Evidence: 5 linked commits / May 19, 2026 / Daily Edition

The next serious feature in coding agents may not look like a new button. It may look like a receipt.

In the last week of watched changes, OpenAI Codex and Google Gemini CLI both moved in that direction. Codex added a typed lifecycle interface so extensions can observe when host-owned tools start and finish. Gemini CLI added a session-backed path for local subagents, plus a flag to route subagent invocations through the AgentSession protocol. A nearby Gemini documentation change spells out how sensitive host environment variables are redacted before MCP servers see them.

The pattern is bigger than any one API name. Agent runtimes are starting to answer operational questions that early demos could leave vague: who supplied this tool, what invoked it, did it finish or fail, did a user cancel it, and which secrets crossed the boundary?

Codex makes tool execution observable

The clearest Codex change is PR #23309, committed as c69cde3, which adds a ToolLifecycleContributor trait to the extension API. The new contract gives contributors on_tool_start and on_tool_finish callbacks. The companion tool_lifecycle.rs file defines host-visible inputs such as turn_id, call_id, tool_name, and a source enum that distinguishes direct model tool calls from code-mode nested tool calls.

The outcome enum is the tell. Codex now gives lifecycle observers typed endings: completed, blocked, failed, or aborted. That makes tool execution a runtime event with a beginning, an owner-visible source, and a classified ending.
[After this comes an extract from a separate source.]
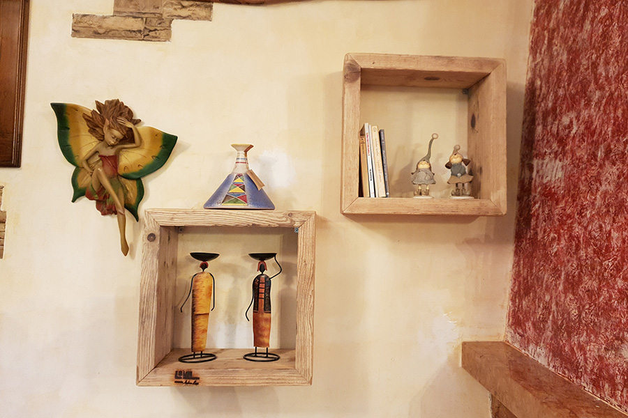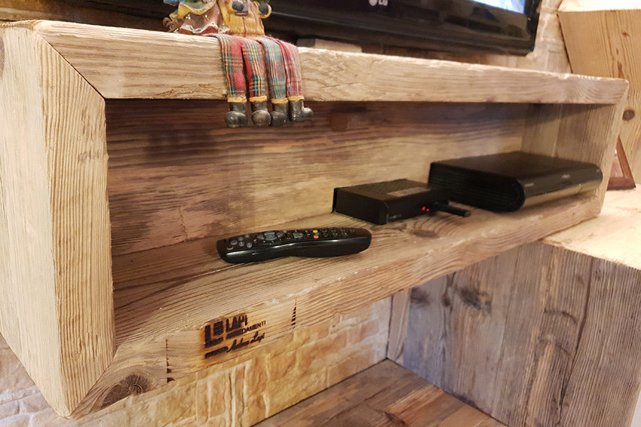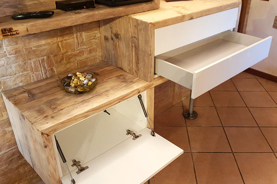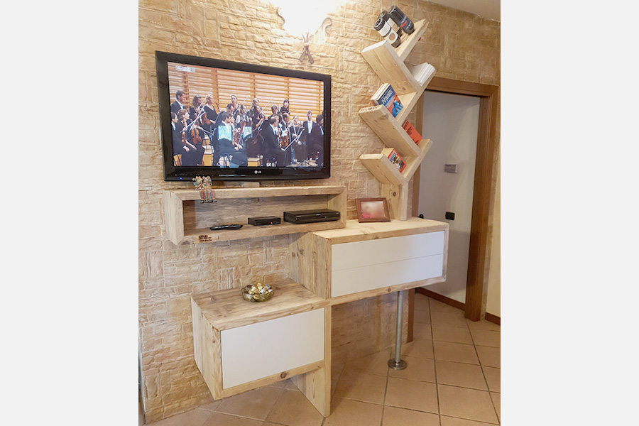 La composizione albero è composta da un ripiano porta decoder, due cassetti e un pensile con anta a ribalta, oltre che la libreria ad albero che può diventare anche portabottiglie, secondo le vostre esigenze. A completare il lavoro, due mensoline in legno di recupero.

Another Codex commit, a66e0e9, adds plugin provenance to MCP tool metadata. The test plugin_mcp_tool_call_request_meta_includes_plugin_id proves that plugin-backed MCP calls can carry a plugin id in request metadata. In a world where tools can come from built-ins, user MCP servers, plugins, or connectors, that tiny field matters. It lets the host say not only "a tool ran," but "this layer supplied it."

Gemini moves subagents into sessions

Gemini CLI's matching evidence is PR #26665, committed as 6973b96. It adds LocalSessionInvocation, a new local subagent invocation class built around LocalSubagentSession. The implementation publishes SUBAGENT_ACTIVITY events, streams thought and tool-call activity, tracks running, completed, error, and cancelled states, sanitizes displayed thought/tool/error content, and wires abort signals into the subagent session.
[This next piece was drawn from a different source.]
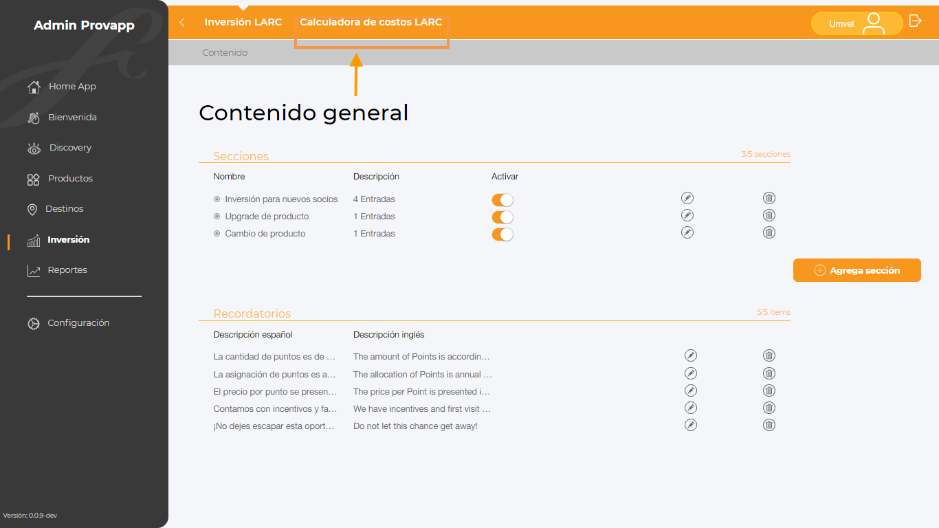18.- Para visualizar la sección en la App, se tendrá que dar clic en el switch Activar esta sección.

That is not just delegation. It is delegation with a transcript surface. The tests cover thought streaming, tool start and end handling, rejected tool calls, cancellation, config updates before query messages, and cleanup of observers and abort listeners.

PR #26947 makes the direction explicit by adding experimental.adk.agentSessionSubagentEnabled. Gemini's configuration docs describe the flag as routing subagent invocations through the AgentSession protocol instead of legacy executors. That is a migration sentence disguised as a settings entry.

MCP is becoming a boundary, too

The security side appears in Gemini CLI PR #22854. The docs now clarify that the CLI redacts sensitive host environment variables before passing environment data to third-party MCP servers, and that explicit env entries in settings.json or mcp_config.json are the trusted path when a server really needs a token.

This is the same story from another angle. MCP servers are useful because they widen what an agent can do. They are risky for the same reason. The runtime has to decide what crosses from the user's machine into that server process, and the docs now make that boundary legible.

What changed in the story

Early agent coverage often asked whether a system had tools, memory, or subagents. The fresher question is whether the runtime can govern those pieces once they exist. Codex is adding lifecycle and provenance hooks around tool calls. Gemini is moving subagents into a session protocol with activity and cancellation semantics. Gemini's MCP docs are making environment handling explicit.

That does not prove a shared standard is forming. It does show convergent pressure. As coding agents become less like single prompts and more like operating environments, tool execution needs audit trails, not just output text.

Watch the next round of changes for three things: whether lifecycle hooks become public extension contracts, whether session-backed subagents become the default path, and whether MCP provenance becomes visible enough for users to understand which tool actually touched their work.

Primary Evidence

OpenAI Codex commit c69cde3547c87c3423434ff37273dcadbcce8817, Add tool lifecycle extension contributor (#23309): https://github.com/openai/codex/commit/c69cde3547c87c3423434ff37273dcadbcce8817

Shows: adds ToolLifecycleContributor, typed tool start and finish callbacks, source metadata for direct and code-mode calls, and outcomes for completed, blocked, failed, and aborted tool calls.

OpenAI Codex PR #23309, Add tool lifecycle extension contributor: https://github.com/openai/codex/pull/23309

Shows: PR framing that lifecycle contributors observe accepted tool starts and finishes while other runtime layers remain responsible for policy and execution.

OpenAI Codex commit a66e0e9c4b2978121ed1cd4242f7f62dd027423f, Include plugin id in plugin MCP tool metadata (#23353): https://github.com/openai/codex/commit/a66e0e9c4b2978121ed1cd4242f7f62dd027423f

Shows: plugin-backed MCP tool calls now carry plugin provenance in request metadata, with test coverage for MCP_TOOL_PLUGIN_ID_META_KEY.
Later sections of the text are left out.